Please copy exactly the part of the records below that opens with the line containing "Spirit week; full" and closes with the line containing "ハイウエストでベルトは太めに", leaving out any pictures.
(Material for this exercise Opens)
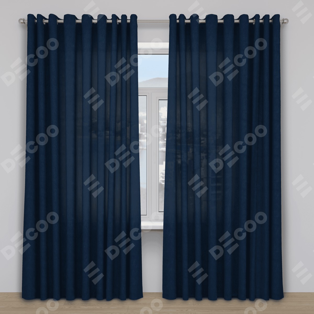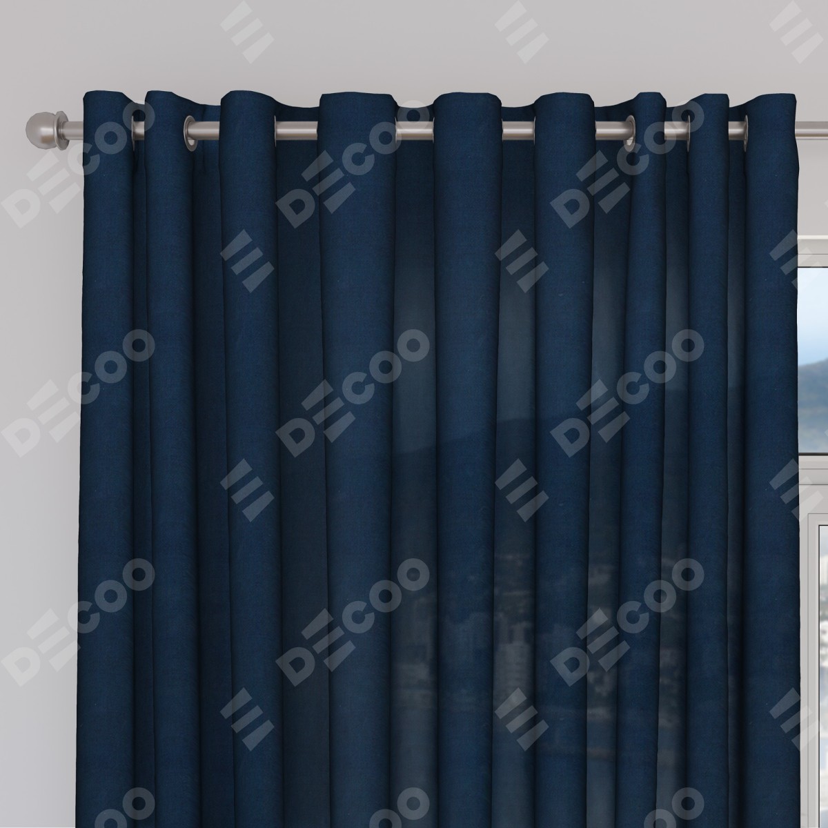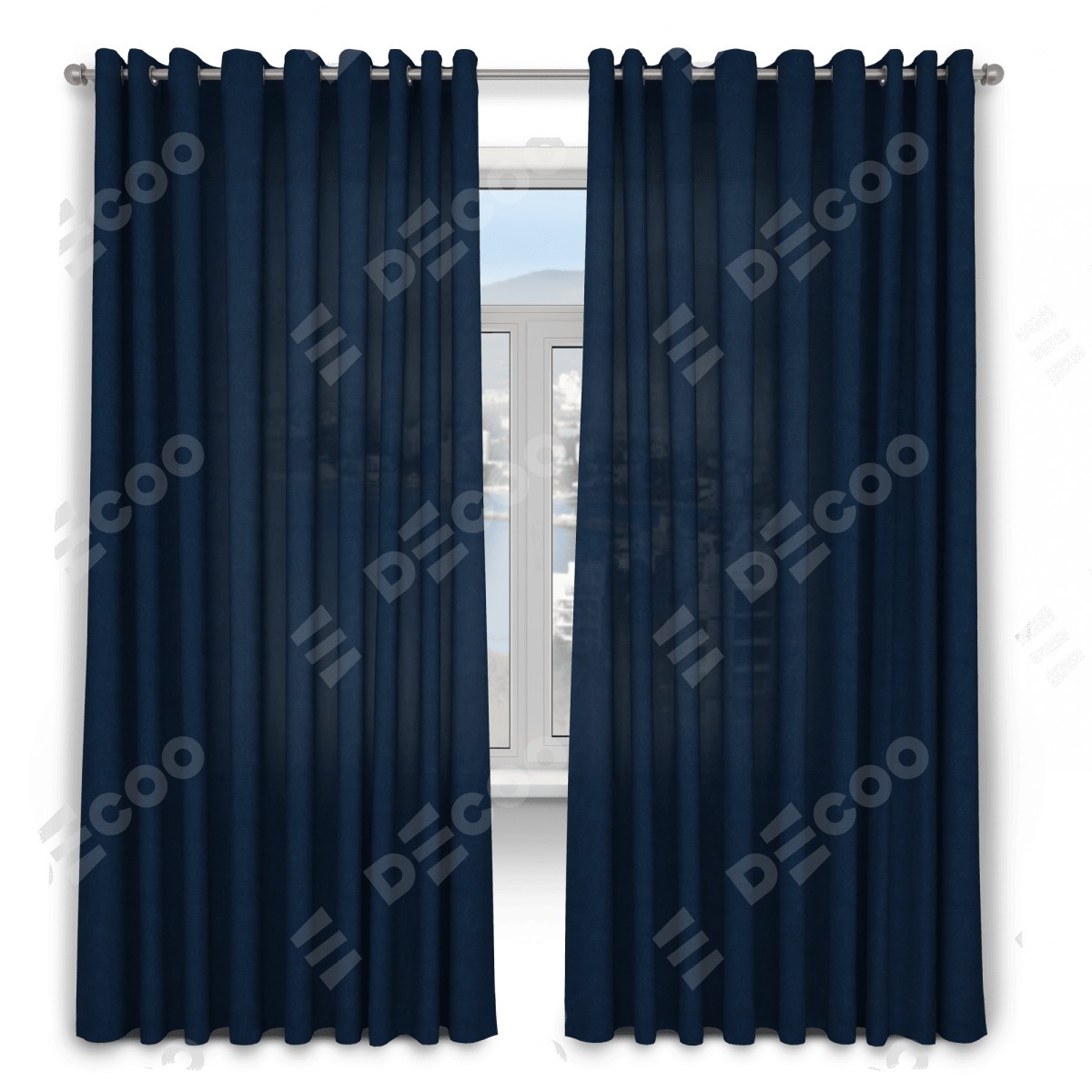 Комплект прямых штор, от производителя «Cortin», пошиты из ткани вельвет тёмно-синий, артикул ткани 14152. Данная модель пошита на люверсах, комплектуется на выбор круглым карнизом и подходит для монтажа на стену. Прямые шторы на люверсах шьются по стандарту с коэффициентом 1/2 (на 100 см. ширины проёма 200 см. ширины ткани), отличительным преимуществом данной модели является простой способ монтажа. Достаточно повесить ее на трубу и штора готова!
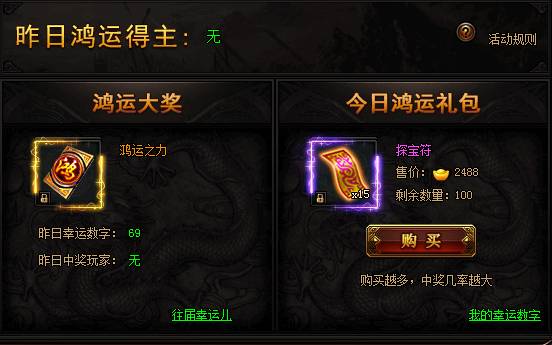 活动期间,购买限购礼包赢取幸运大奖,奖励极品限时称号。(全服限量买到即赚到)购买礼包越多,中奖几率越大!
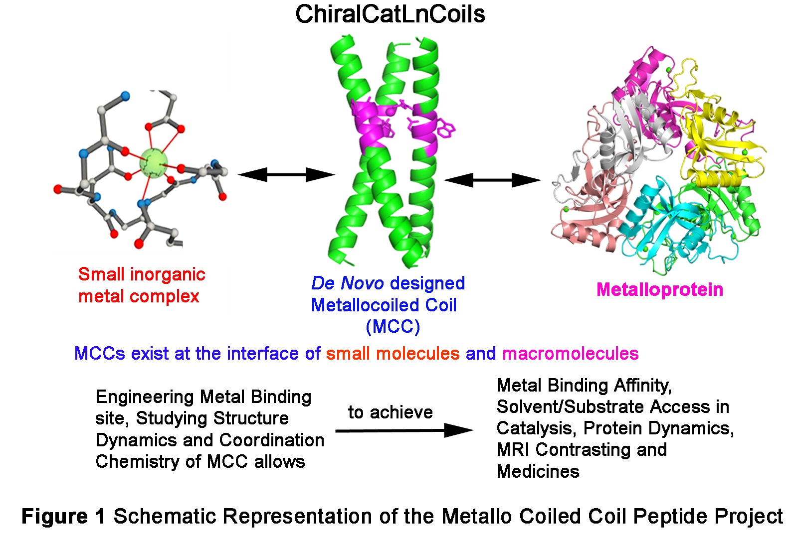 Our overreaching objective was to develop de novo designed CC peptides, to generate miniature protein scaffolds with well-defined secondary, tertiary and quaternary structure, and with which structure-function relationships can more readily be established. Then we have investigated their metal binding (a range of bio & eco relevant transition metals and lanthanides) capability and interrogated their coordination chemistry, and attempted to use the MCC as catalysts, for which a real academic and industrial need exists.
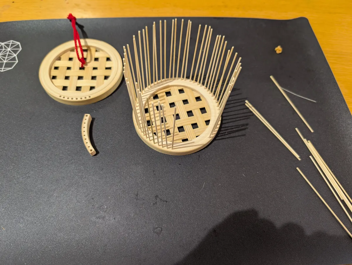 で、予約しておいた竹の細工から。
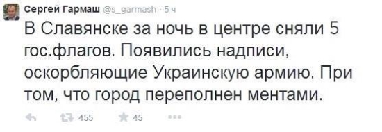 Наши посты укреплены. На рации стабильно весело и бодро обсуждаются одни и те же проблемы нашего города. Мы гордимся тем, что Славянск все больше и больше становится популярным! Гордость! Название нашего маленького неприметного городка звучит с уст дикторов российских каналов! Славянск! Мы смеемся. Смеемся и передаем информацию об увиденной технике, приближающейся к городу... Её передают жители близлежащих поселков — мужчины, женщины, дети и старики. Бабушки описывают в канале цвет увиденной «подозрительной» машины, марку, количество вышедших из неё мужчин «в темном». Мы не знали, что нас ждет...
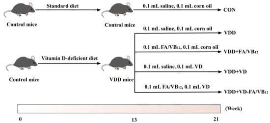 After adaptive feeding for 2 weeks, forty mice were randomly and equally divided into five groups based on initial body weights evenly. The five groups are as follows: Control group (CON), Vitamin D deficient group (VDD), Vitamin D deficient and folic acid/vitamin B12 supplemented group (VDD + FA/VB12), Vitamin D deficient and vitamin D supplemented group (VDD + VD), Vitamin D deficient and vitamin D, folic acid/vitamin B12 supplemented group (VDD + VD-FA/VB12). Control mice were fed an AIN93 standard diet, and VDD mice were fed a vitamin D-deficient diet for 13 weeks to establish a vitamin D-deficient mice model [5]. Following this, the mice were supplemented with cholecalciferol (1000 IU/kg), folic acid (13 mg/kg), and vitamin B12 (80 ug/kg), respectively, by oral gavage, the control group was maintained with the same volumes of saline and corn oil, four times a week and this lasted for 8 weeks. The flow chart is shown in Figure 1. The vitamin D-deficient diet compositions were shown in Supplementary Table S1. The dose of supplement was according to the study published previously [21]. After 21 weeks of intervention, behavioral tests were conducted, then the mice were anesthetized followed by collecting the blood samples and fresh tissues. All of the samples were then frozen at −80 °C until use.
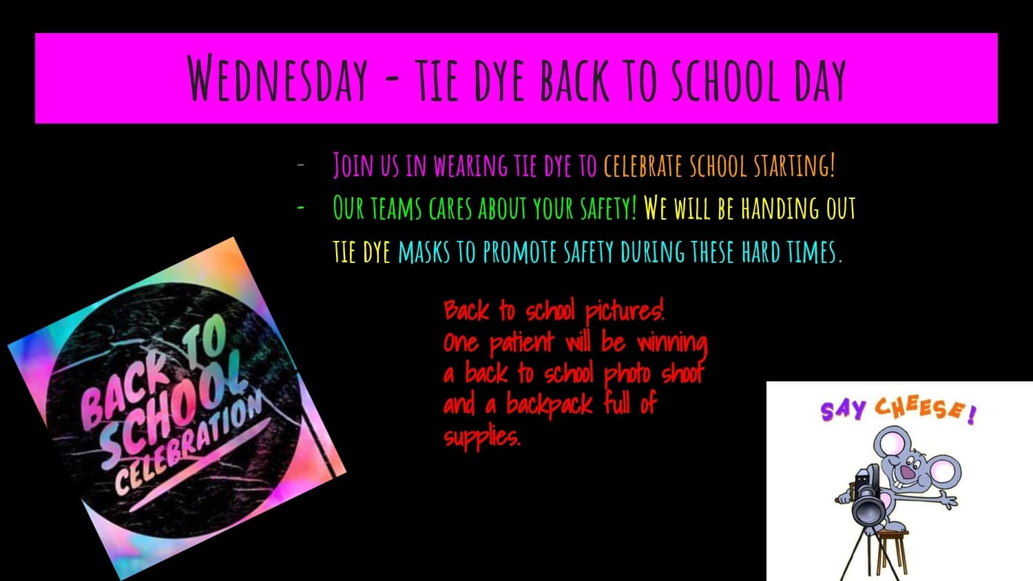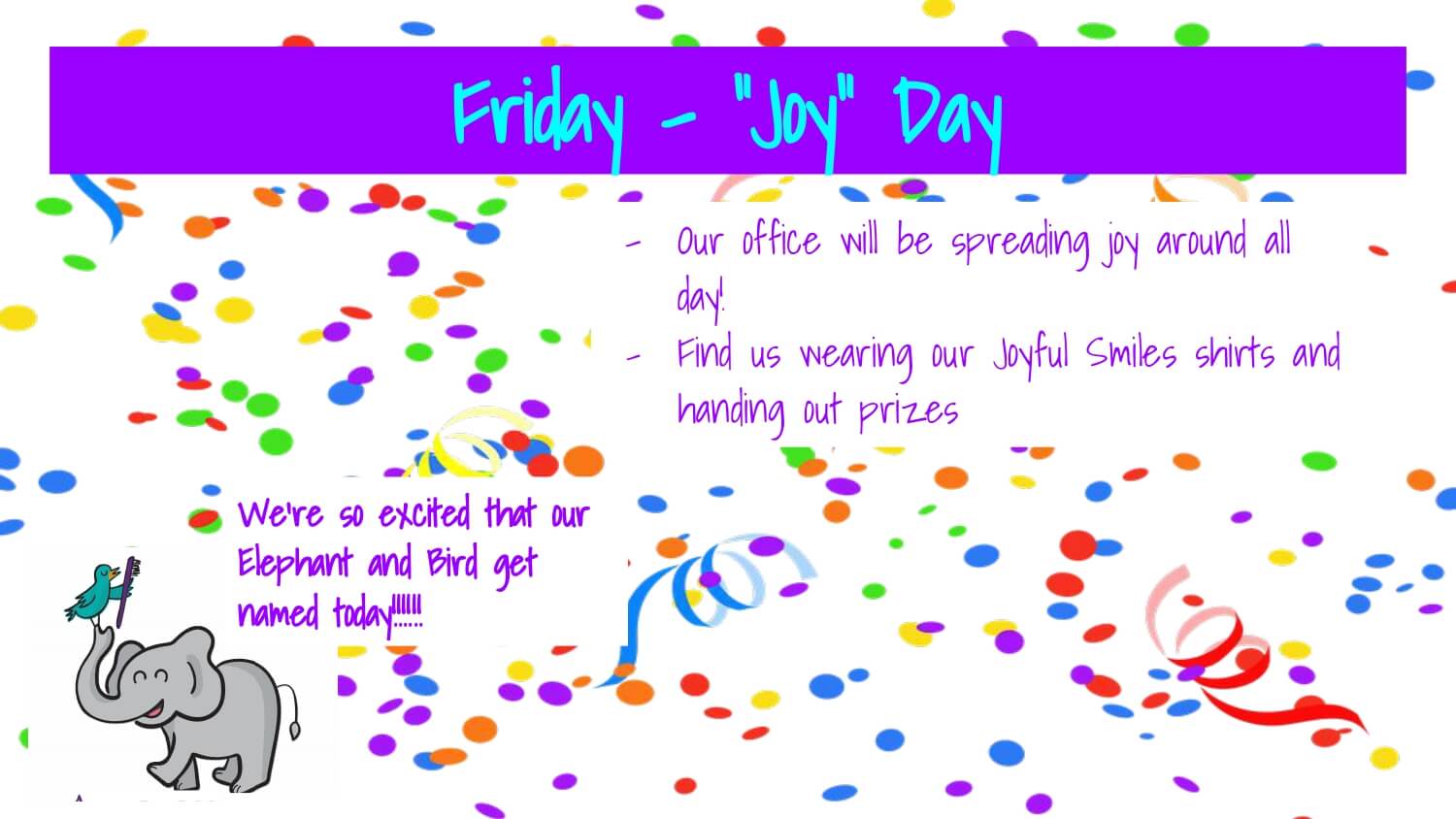 Spirit week; full of joy and prizes! Prizes Will be given ONLINE and IN-OFFICE!
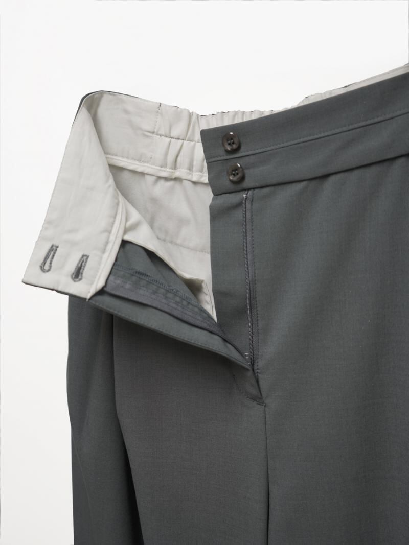 ハイウエストでベルトは太めに作っているので、ウエストのタックインが生きるデザインになっています。
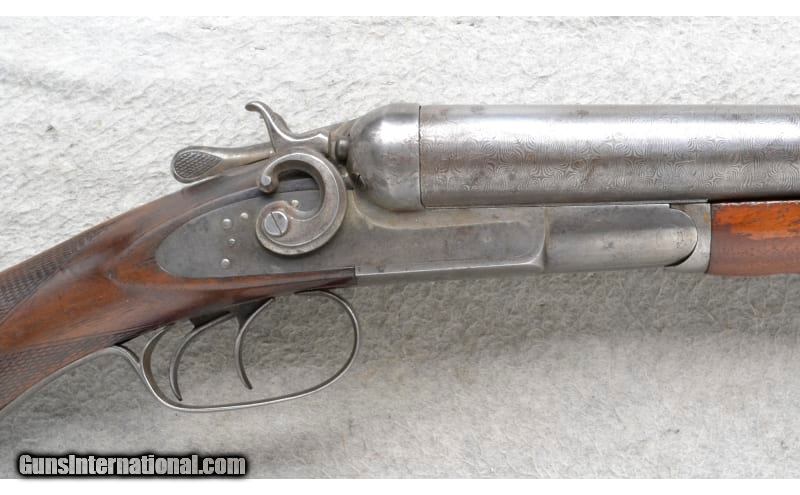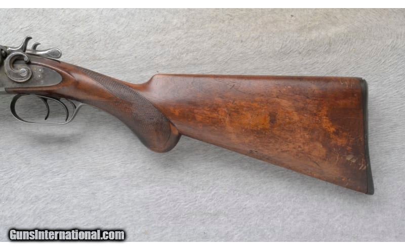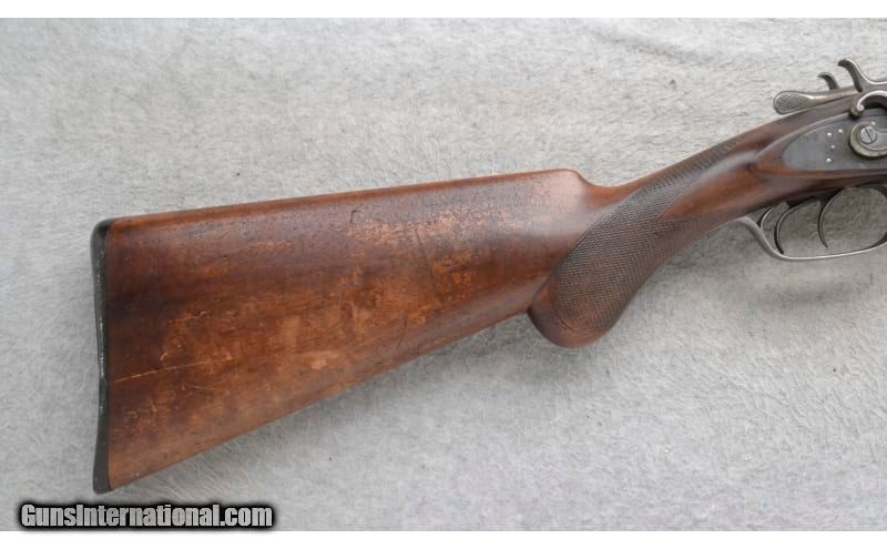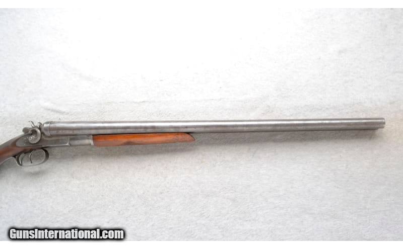 Description: This Remington Model 1889 is a side by side shotgun in 10 Ga. It has 27 inch Damascus steel barrels with extractor and a solid rib. The barrels have been cut down from their original length. The brass bead front sight is worn. With 2 3/4 inch chambers the fixed choke measures more open that Cyl. on both barrels using the shotgun hand gauge. It has double triggers and external hammers. The butt stock is a checkered grip walnut round knob pistol grip. The forearm is a checkered grip walnut splinter. Serial Number 87589. 10 Gauge SOLD Chambers: 3 inch. Metal Condition: "Shows age, use and wear. A few minor barrel dents. Dents in the top rib. Wood Condition: Many handling /use marks. Top finish wear. Bore Condition: Needs a good cleaning. Barrels: 27 inch Damascus steel barrels with extractor and a solid rib. Barrels have been cut down from their original length. Triggers: Double. Stock Dimensions: LOP 14 1/8 inches. Fore End: Checkered grip walnut splinter. Butt Pad: Remington checkered black plate. Weight: 9 lb. 10 oz. Sights: Worn down brass bead front. Chokes: Choke measures more open than Cyl. on both barrels using the shotgun hand gauge. Item Location: Richfield, WI |
(Material for this exercise Closes)
(Result of the task)
 Spirit week; full of joy and prizes! Prizes Will be given ONLINE and IN-OFFICE!
 ハイウエストでベルトは太めに作っているので、ウエストのタックインが生きるデザインになっています。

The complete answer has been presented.